In Today’s Deep Space Extra… U.S. Senate budget numbers for 2020 would increase NASA’s budget by $1.25 billion over 2019. Northrop Grumman is readying a cargo mission launch to the International Space Station (ISS) from NASA’s Wallops Island Flight Facility in Virginia early Saturday.
Human Space Exploration
Senate passes NASA appropriations bill
SpaceNews.com (11/1): The Senate passed a spending bill Oct. 31 that provides $22.75 billion for NASA in fiscal year 2020, but final agreement on funding for agency programs may still be weeks, if not months, away. On an 84–9 vote, the Senate approved a so-called “minibus” appropriations bill that combined several separate measures, including the commerce, justice and science (CJS) bill that funds NASA, NOAA and the National Science Foundation (NSF), among other agencies. The minibus also included the transportation, housing and urban development bill, which funds the Federal Aviation Administration’s (FAA) Office of Commercial Space Transportation.
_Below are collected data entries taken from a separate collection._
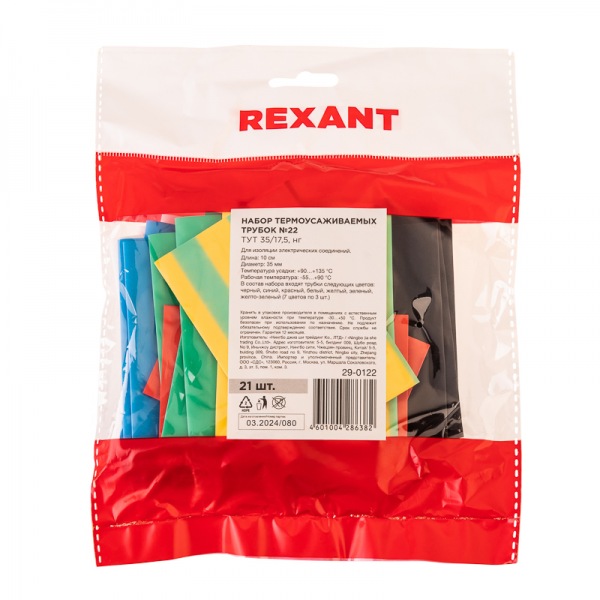 Купить Набор термоусаживаемых трубок №22 ТУТ нг 35/17,5мм, 7 цветов (упак. 21 шт. по 10см) Рексант в Москве или заказать с доставкой по России можно на нашем сайте СинтезБезопасности.ру. Здесь вы найдете описание, фото, технические характеристики и цену на Набор термоусаживаемых трубок №22 ТУТ нг 35/17,5мм, 7 цветов (упак. 21 шт. по 10см) REXANT.
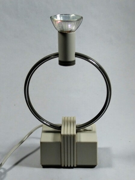 aus derselbe nserie wie ettore sottsass halo click - eine postmoderne multifunktionsleuchte von philips. der strahler lässt sich rundherum und in alle richtungen drehen. birnen gibts auch als led
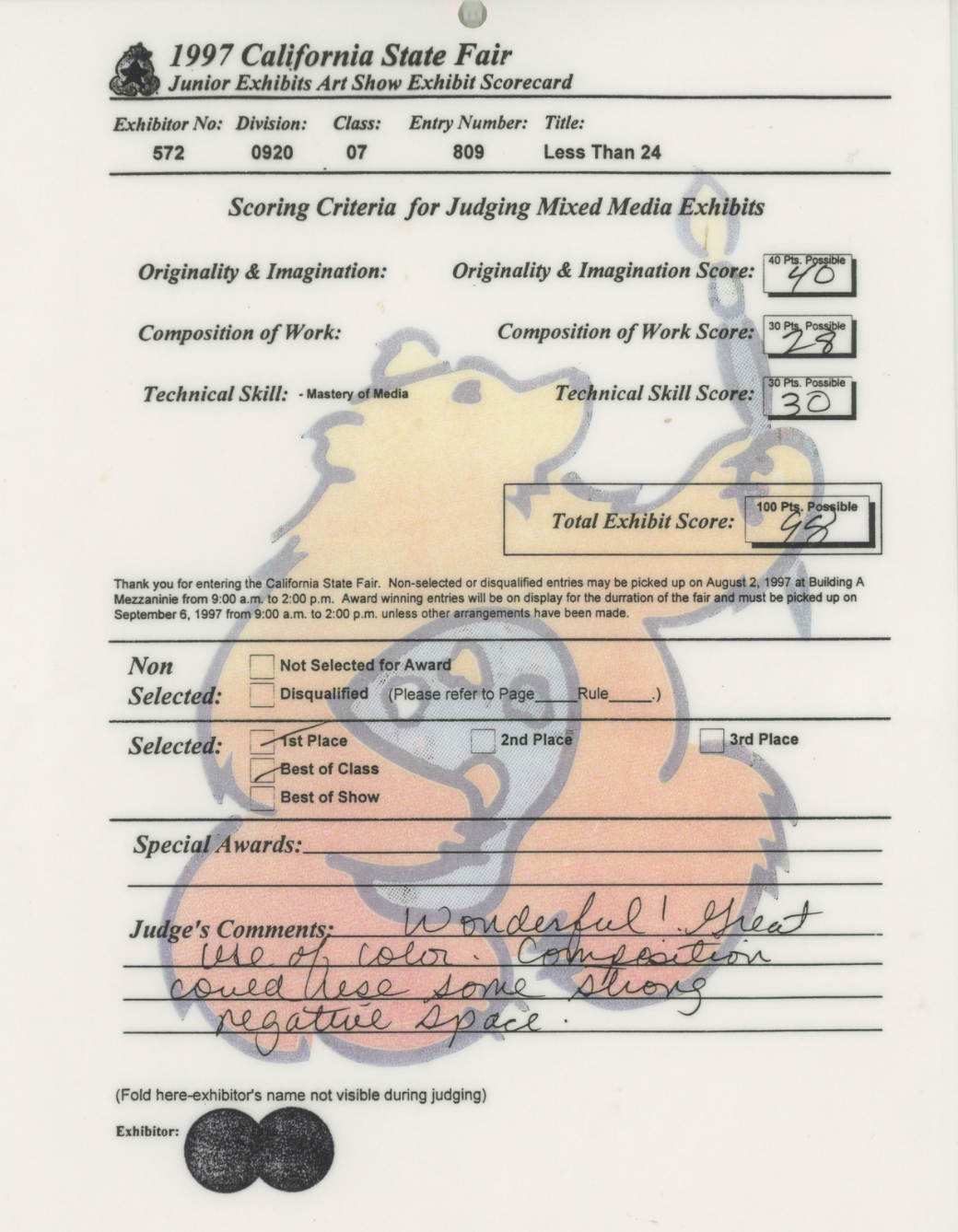 "Less Than 24," 24" x 32" x 2," watercolor and ink, Vanessa 1997 California State Fair
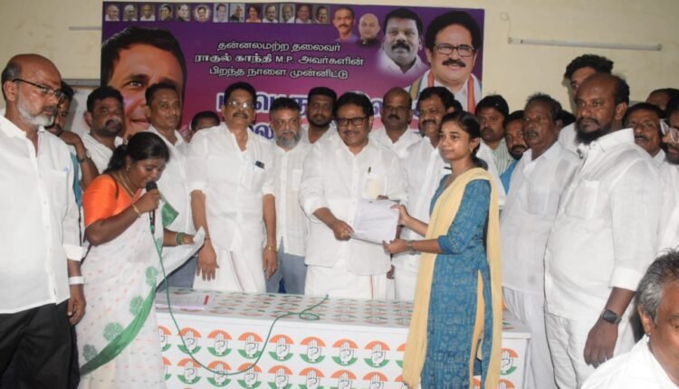திருச்சி மாநகர் மாவட்ட காங்கிரஸ் கமிட்டி சார்பில் பாராளுமன்ற எதிர்க்கட்சித் தலைவர் ராகுல் காந்தி எம்.பி. பிறந்த நாளை முன்னிட்டு அருணாச்சல மன்றத்தில் தனியார் துறை வேலைவாய்ப்பு முகாம் மாவட்ட தலைவர் கவுன்சிலர் எல். ரெக்ஸ் தலைமையில் இன்று நடந்தது. தெற்கு மாவட்ட தலைவர்
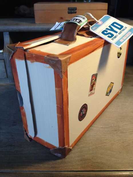 - Etiqueta de nombre de equipaje. Pegado a las piezas sobre cartulina. Atado con un trozo de cuerda.
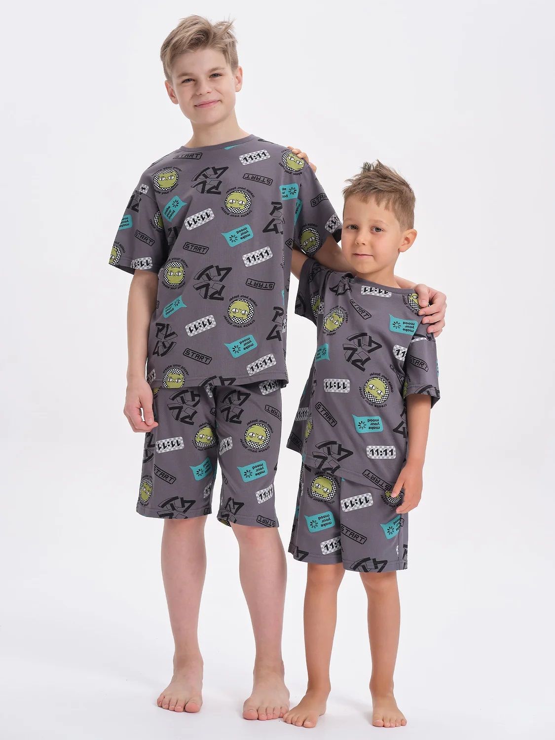 Состав: верх: 100%хлопок, низ: 100%хлопок Стильная и уютная пижама для мальчика. В составе ткани 100% хлопка — идеально для детской одежды! Модель приятна на ощупь, прекрасно пропускает воздух, позволяя коже ребёнка дышать. При этом в пижаме из хлопка ребёнку будет уютно, даже если он сбросит одеяло. Всё это обеспечивает комфортный и качественный сон. Футболка и удлиненные шорты, плечо спущено, рукава широкие и свободные — пижама на мальчика очень удобна для сна. Широкая и мягкая резинка в поясе не перекручивается и не давит. Отделка горловины из эластичной рибаны — она не растягивается, ребёнку удобно надевать и снимать пижаму. Перевод надписей: "создай себе настроение", "создай своего игрока", "творец", "игра". Хлопковый комплект идеален для сна и отдыха дома — прекрасный выбор для вашего ребёнка! Пижама с шортами для мальчика подходит для круглогодичного использования. Домашний комплект — замечательный подарок сыну, внуку, брату на любой праздник. Выбирайте нужный размер по таблице размеров на фото. Цвет товара на экране вашего устройства может отличаться от цвета изделия вживую.
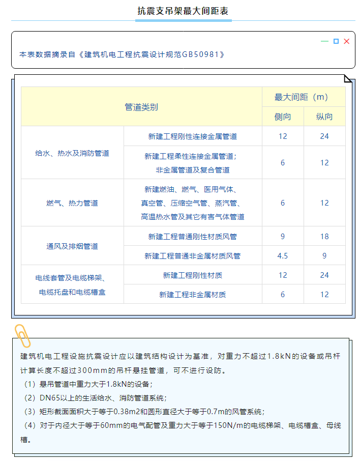 抗震支吊架最大间距表
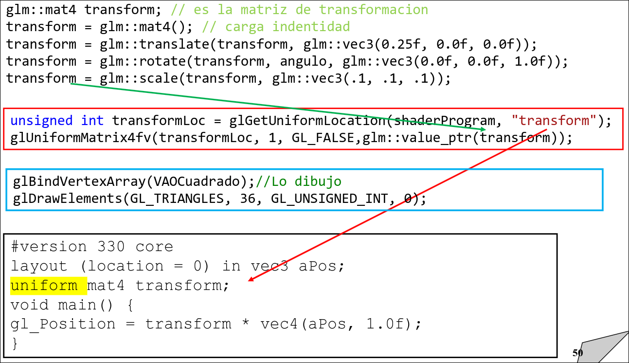 glm::mat4 transform: declaración de la matriz de transformaciónglm::mat4 (): devuelve la identidad 4x4glm::translate(transform,glm::vec3(T_x,T_y,T_z): traslaciónglm::rotate(transform,0, glm::Vec3(x,y,z): rotaciónglm::scale(transofrm, glm::vec4(S_x,S_y,S_z): escalado

3-2-1-Cookoff! Astronauts to bake cookies with new test oven
Coalition Member in the News – Northrop Grumman
Associated Press via New York Times (10/31): NanoRack’s Zero G Oven is among a four ton cargo mission to the six person International Space Station (ISS) set to launch Saturday atop a Northrop Grumman Antares rocket from NASA’s Wallops Flight Facility on Virginia’s eastern shore. The oven is among a substantial cargo of science experiments and crew provisions set to reach the Space Station early Monday. The Zero G Oven will help NASA offer astronauts an expanded menu as they prepare for an accelerated return to the surface of the Moon and once there prepare for missions to Mars. Liftoff Saturday is planned for 9:59 a.m., EDT. Other cargo includes spacewalk tools and equipment to repair the thermal control system of the Space Station’s Alpha Magnetic Spectrometer.
Seeking transparency, NASA asks Boeing to livestream test of astronaut capsule
Coalition Member in the News – Boeing
Click Orlando.com (10/31): Boeing plans to join NASA in live streaming (www.nasa.gov/live) a critical test firing of the abort engines of the CST-100 Starliner, which is nearing certification to begin the scheduled transportation of astronauts to and from the International Space Station (ISS). The ground test at the White Sands Missile Range in New Mexico is planned for Monday during a three hour window that opens at 9 a.m., ET.
NASA is getting serious about an interstellar mission
Wired (10/31): At NASA’s behest, the Johns Hopkins University’s Applied Physics Lab is studying the launch of a possible interstellar mission, the first to send probes beyond the solar system since the NASA Voyager 1 and 2 missions were launched in 1977. The new Interstellar Probe would launch on a NASA Space Launch System rocket and seek to add a gravity assist at the sun or Jupiter to increase its velocity to more than 100,000 miles per hour and place it on a 50 year, 92 billion mile course to study the physics of space beyond the sun’s influence.
Why dead stars go boom: Scientists eye mechanism behind supernova explosions
Space.com (10/31): In search of for an explanation, astronomers turned their focus to Type 1A supernova, the explosion of aging white dwarf stars. The spectacular detonations have helped to reveal that an aging universe is expanding due to a still mysterious force called dark energy. A study led by a University of Connecticut researcher and published in the journal Science suggests the star’s density is a factor.
Cruz criticizes House for lack of action on commercial space legislation
SpaceNews.com (10/31): U.S. Sen Ted Cruz, chair of the U.S. Senate Space Subcommittee, offered criticism Thursday of his House counterparts for a reluctance to update commercial space regulations. The Senate measure would authorize the International Space Station (ISS) through 2030. Cruz spoke before a forum organized by the Air Line Pilots Association and the Commercial Spaceflight Federation on airspace issues for commercial launches.
China on pace to resume Long March 5 launches by end of year
Spaceflightnow.com (10/31): China is looking to late December for the return to flight of its Long March 5 heavy lift rocket, a propulsion source for launches of Mars rover and lunar sample return missions as well as the assembly of an orbital space station — the latter using the Long March 5B variant. The most recent flight of the Long March 5 in July 2017 with an experimental communications satellite ended in failure. The inaugural launch in 2016 was a success.